■ **TO DO**:
Copy out the full listing exactly, omitting any picture it contains.

■ **DATA EXCERPT**:
········
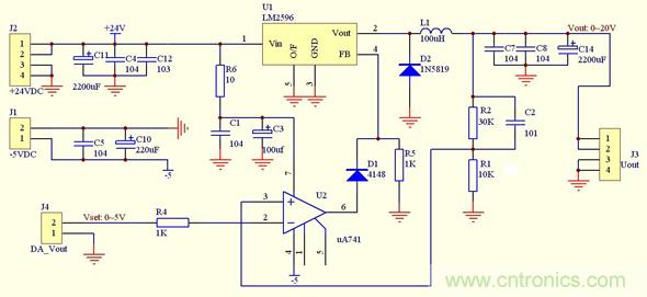 如果我們能夠設(shè)計出一種可以用電壓調(diào)節(jié)輸出的開關(guān)穩(wěn)壓電路,然后用DAC來控制調(diào)節(jié)電壓,那么就很容易實現(xiàn)。問題是我們不可能自己重新設(shè)計一個DC-DC,如果能把現(xiàn)成的DC-DC集成芯片,通過修改外圍電路的方式,來實現(xiàn)用電壓來控制輸出,那么問題就得到解決。下面,我還是以LM2596-Adj為例,看看怎樣把LM2596-Adj改裝成可數(shù)控的開關(guān)穩(wěn)壓電源。
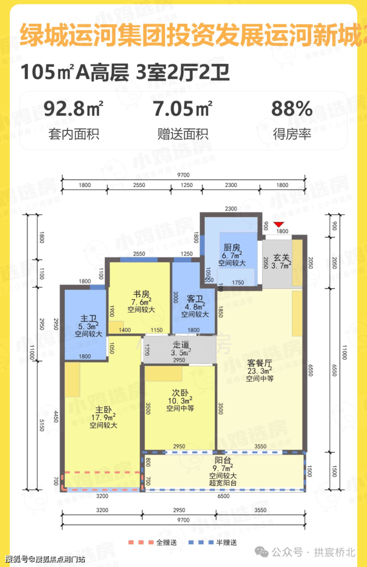 项目的面积分别约105-108-118-128-139方,精装限均价3.37万/㎡。房源层高约3米,架空层层高4.2米。
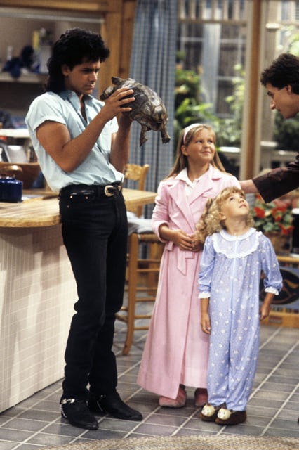I was born the same year Full House premiered, in 1987. And, by the age of nine, I was in full-on puppy love with Stamos. But, there has to be some kind of deeper reason why I thought Uncle Jesse was It. I recently asked my mom if maybe Full House was playing on the TV in the delivery room, or if maybe it was on TV a lot when I was too small to remember it. Maybe there’s a subconscious connection there. My mom confirmed that Full House was definitely on all the time when I was small, “but so were the Teenage Mutant Ninja Turtles.” And, while I have zero romantic feelings about my reptilian friends, I did 100% want to date Casey Jones. (That is a separate story.)
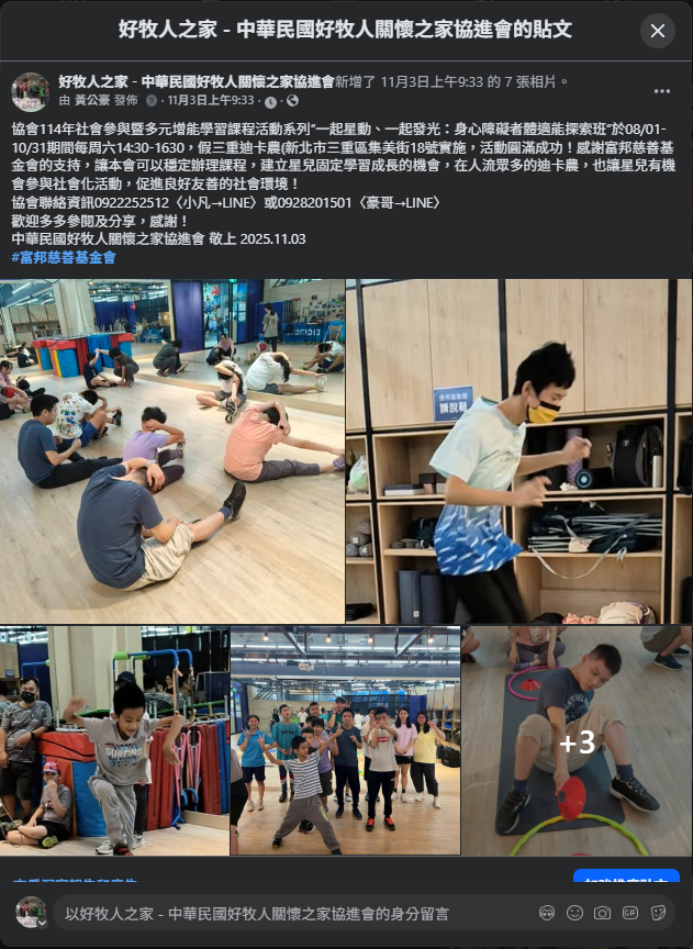 本次身心障礙者體適能班設計以「安全參與、功能提升、身心整合」為核心目標,透過120分鐘的全方位課程,協助身心障礙者提升身體機能、促進心理健康及增進社交互動。每班人數上限為12人,採小班制教學,確保學員能獲得充分指導與關注。 一、課前準備與個別關懷(10分鐘) 學員報到後由人員協助確認健康狀況,導師與助教進行簡短交流,了解學員當日身心狀態,並確認特殊注意事項(如藥物服用、身體不適等)。 二、暖身與動態伸展(20分鐘) 進行全身關節活動操及低強度有氧熱身(如踏步、拍手操、簡單律動),目的在提升心肺活性與肌肉彈性,預防運動傷害。 三、主訓練區段(60分鐘) 依學員能力與障礙類型進行分組,輪流進行下列四種訓練模組,每項模組約20分鐘: 有氧訓練區:使用坐姿腳踏機、踏板上下踏、原地行走,提升心肺耐力。 平衡協調區:設計如障礙步道行走、平衡墊、視覺追蹤球等練習。 團體互動區:包含輕鬆競技或合作性活動,如傳球遊戲、輪圈挑戰,增進學員間的互動與合作。 四、靜態伸展與身心放鬆(15分鐘) 結束主訓練後,進行全身拉筋與深呼吸引導,可搭配輕音樂或引導語音進行,幫助學員從緊繃的狀態恢復,放鬆心情。 五、課後回饋與紀錄(15分鐘) 課程最後進行圓圈時間,邀請學員表達感受與回饋,導師給予鼓勵與個別建議,並紀錄當日學員參與狀況與表現,作為後續課程調整依據。
········
■ **TASK RESPONSE**:
 如果我們能夠設(shè)計出一種可以用電壓調(diào)節(jié)輸出的開關(guān)穩(wěn)壓電路,然后用DAC來控制調(diào)節(jié)電壓,那么就很容易實現(xiàn)。問題是我們不可能自己重新設(shè)計一個DC-DC,如果能把現(xiàn)成的DC-DC集成芯片,通過修改外圍電路的方式,來實現(xiàn)用電壓來控制輸出,那么問題就得到解決。下面,我還是以LM2596-Adj為例,看看怎樣把LM2596-Adj改裝成可數(shù)控的開關(guān)穩(wěn)壓電源。
 项目的面积分别约105-108-118-128-139方,精装限均价3.37万/㎡。房源层高约3米,架空层层高4.2米。
I was born the same year Full House premiered, in 1987. And, by the age of nine, I was in full-on puppy love with Stamos. But, there has to be some kind of deeper reason why I thought Uncle Jesse was It. I recently asked my mom if maybe Full House was playing on the TV in the delivery room, or if maybe it was on TV a lot when I was too small to remember it. Maybe there’s a subconscious connection there. My mom confirmed that Full House was definitely on all the time when I was small, “but so were the Teenage Mutant Ninja Turtles.” And, while I have zero romantic feelings about my reptilian friends, I did 100% want to date Casey Jones. (That is a separate story.)
 本次身心障礙者體適能班設計以「安全參與、功能提升、身心整合」為核心目標,透過120分鐘的全方位課程,協助身心障礙者提升身體機能、促進心理健康及增進社交互動。每班人數上限為12人,採小班制教學,確保學員能獲得充分指導與關注。 一、課前準備與個別關懷(10分鐘) 學員報到後由人員協助確認健康狀況,導師與助教進行簡短交流,了解學員當日身心狀態,並確認特殊注意事項(如藥物服用、身體不適等)。 二、暖身與動態伸展(20分鐘) 進行全身關節活動操及低強度有氧熱身(如踏步、拍手操、簡單律動),目的在提升心肺活性與肌肉彈性,預防運動傷害。 三、主訓練區段(60分鐘) 依學員能力與障礙類型進行分組,輪流進行下列四種訓練模組,每項模組約20分鐘: 有氧訓練區:使用坐姿腳踏機、踏板上下踏、原地行走,提升心肺耐力。 平衡協調區:設計如障礙步道行走、平衡墊、視覺追蹤球等練習。 團體互動區:包含輕鬆競技或合作性活動,如傳球遊戲、輪圈挑戰,增進學員間的互動與合作。 四、靜態伸展與身心放鬆(15分鐘) 結束主訓練後,進行全身拉筋與深呼吸引導,可搭配輕音樂或引導語音進行,幫助學員從緊繃的狀態恢復,放鬆心情。 五、課後回饋與紀錄(15分鐘) 課程最後進行圓圈時間,邀請學員表達感受與回饋,導師給予鼓勵與個別建議,並紀錄當日學員參與狀況與表現,作為後續課程調整依據。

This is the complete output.